The lines below from the one with "师资是学院发展核心竞争力,学院现有教职工 337 人,其中专任教师" up to and including the one with "中式快餐店燈飾設(shè)計" are what you should set down, exactly and without pictures.

_RECORDED DATA_
# # # # #
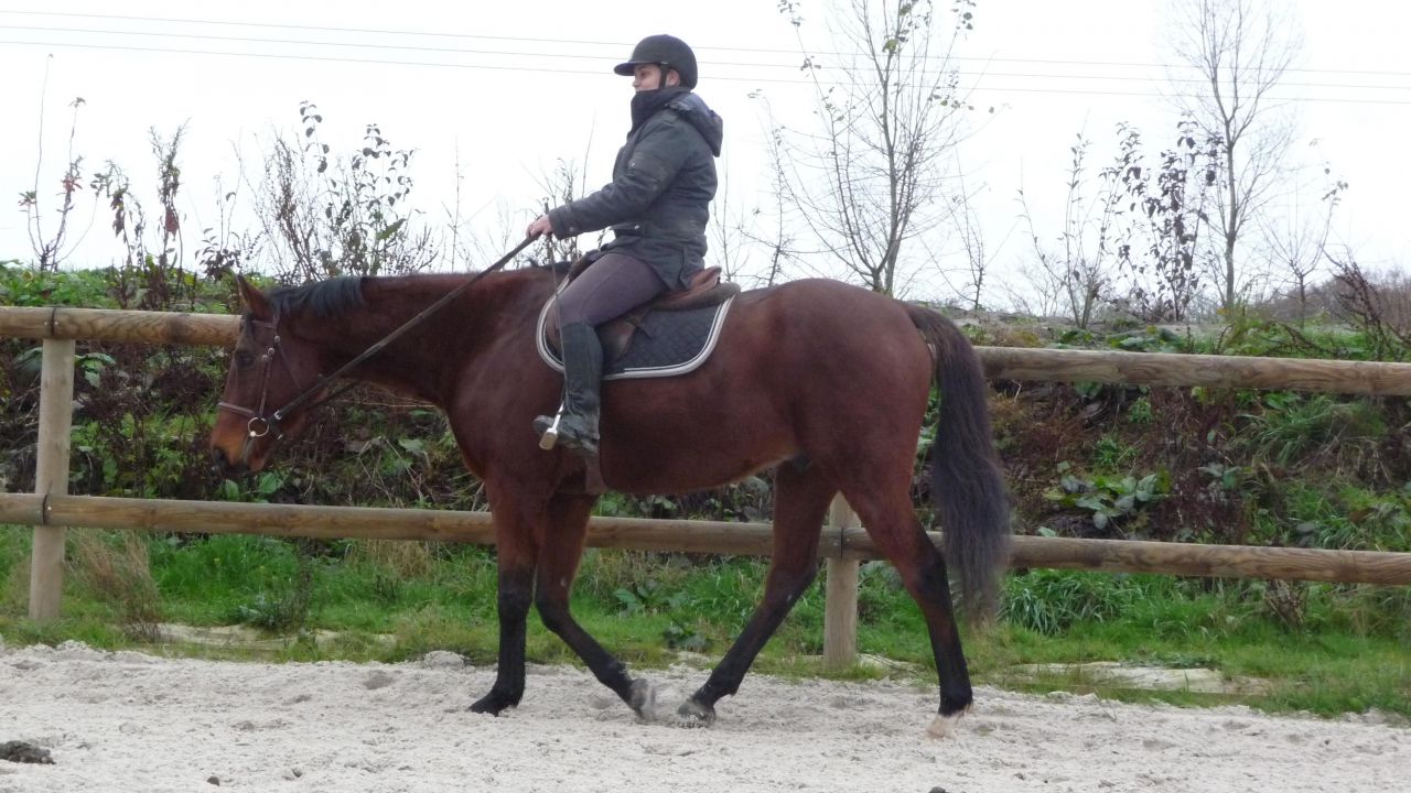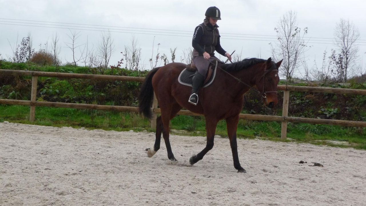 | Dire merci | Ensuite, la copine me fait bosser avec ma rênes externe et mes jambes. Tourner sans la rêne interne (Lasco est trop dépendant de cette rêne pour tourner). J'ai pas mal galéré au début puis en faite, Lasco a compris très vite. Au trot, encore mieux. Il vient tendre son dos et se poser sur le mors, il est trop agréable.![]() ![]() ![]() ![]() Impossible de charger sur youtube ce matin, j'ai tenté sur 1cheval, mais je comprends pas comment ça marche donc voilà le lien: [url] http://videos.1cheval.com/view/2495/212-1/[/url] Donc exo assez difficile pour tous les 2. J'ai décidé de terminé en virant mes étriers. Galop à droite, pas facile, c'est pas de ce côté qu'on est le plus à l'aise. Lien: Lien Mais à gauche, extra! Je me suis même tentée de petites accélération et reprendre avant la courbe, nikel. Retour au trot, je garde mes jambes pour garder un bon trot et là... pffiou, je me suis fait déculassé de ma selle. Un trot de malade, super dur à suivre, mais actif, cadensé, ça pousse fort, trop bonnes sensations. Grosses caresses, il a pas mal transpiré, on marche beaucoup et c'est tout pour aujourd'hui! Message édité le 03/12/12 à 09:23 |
# # # # #
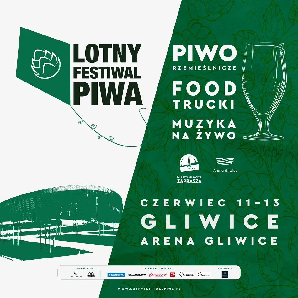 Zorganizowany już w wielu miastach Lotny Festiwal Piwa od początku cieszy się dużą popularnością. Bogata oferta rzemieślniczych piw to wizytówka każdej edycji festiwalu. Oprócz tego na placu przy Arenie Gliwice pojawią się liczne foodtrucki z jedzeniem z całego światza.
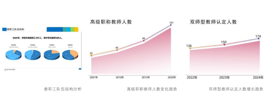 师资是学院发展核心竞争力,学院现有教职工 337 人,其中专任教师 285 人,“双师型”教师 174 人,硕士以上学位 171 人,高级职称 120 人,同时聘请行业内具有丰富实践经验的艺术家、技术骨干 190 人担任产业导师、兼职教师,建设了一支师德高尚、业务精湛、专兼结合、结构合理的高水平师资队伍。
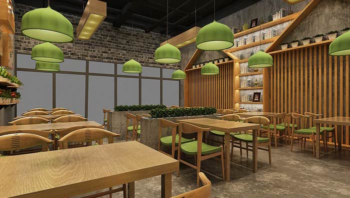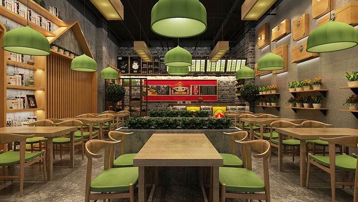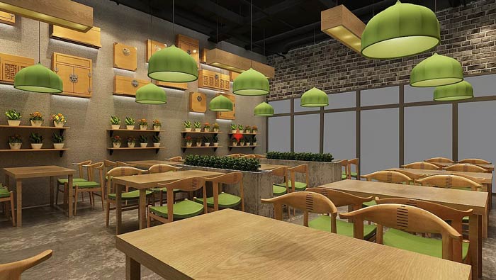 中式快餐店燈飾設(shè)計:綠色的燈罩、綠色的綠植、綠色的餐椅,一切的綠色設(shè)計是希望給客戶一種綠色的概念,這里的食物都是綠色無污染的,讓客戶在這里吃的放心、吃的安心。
# # # # #
_YOUR SOLUTION_
 师资是学院发展核心竞争力,学院现有教职工 337 人,其中专任教师 285 人,“双师型”教师 174 人,硕士以上学位 171 人,高级职称 120 人,同时聘请行业内具有丰富实践经验的艺术家、技术骨干 190 人担任产业导师、兼职教师,建设了一支师德高尚、业务精湛、专兼结合、结构合理的高水平师资队伍。
 中式快餐店燈飾設(shè)計:綠色的燈罩、綠色的綠植、綠色的餐椅,一切的綠色設(shè)計是希望給客戶一種綠色的概念,這里的食物都是綠色無污染的,讓客戶在這里吃的放心、吃的安心。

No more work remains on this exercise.